Euan Mackintosh
- Date of birth: 6 September 1985 (age 39)
- Place of birth: Inverness

Rugby union career

Amateur team(s)
- Years: Team / Apps / (Points)
- Highland RFC /  / (0)

= Euan Mackintosh =

Euan Mackintosh is a Rugby Coach. He is backs and skills coach for Toshiba Brave Lupus in the Japanese League One. He was the skills coach and assistant coach for the New Zealand All Blacks Sevens. Before coaching in New Zealand Euan was the Assistant coach for Case Rugby St Etienne in France.

== Biography ==
Mackintosh first played rugby at Highland Rugby Club and was on the team at university in Edinburgh where he was studying physical education. He played rugby in New Zealand before going to Australia in 2008. He then played for a semi professional rugby club in France. He began his coaching career at Saint-Étienne.

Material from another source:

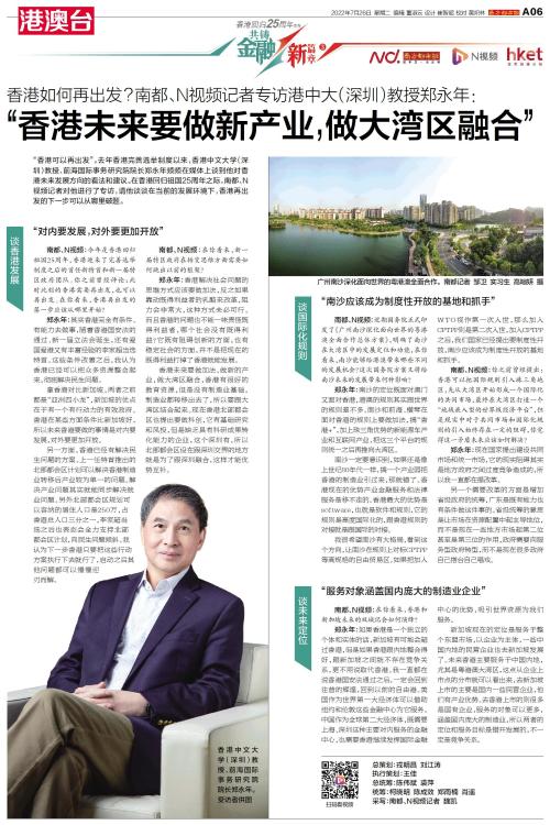 香港中文大学(深圳)教授、前海国际事务研究院院长郑永年。 受访者供图 广州南沙深化面向世界的粤港澳全面合作。 南都记者 邹卫 实习生 高暄妍 摄

Mackintosh moved to New Zealand, where he coached at Tauranga Sports Rugby Club in Bay of Plenty. He coached in their Sevens Programme and helped the Under-19s to a national championship.

Mackintosh was appointed as head coach of China's women's national rugby sevens team in 2020 and helped them qualify for their first Olympics. They finished in seventh place.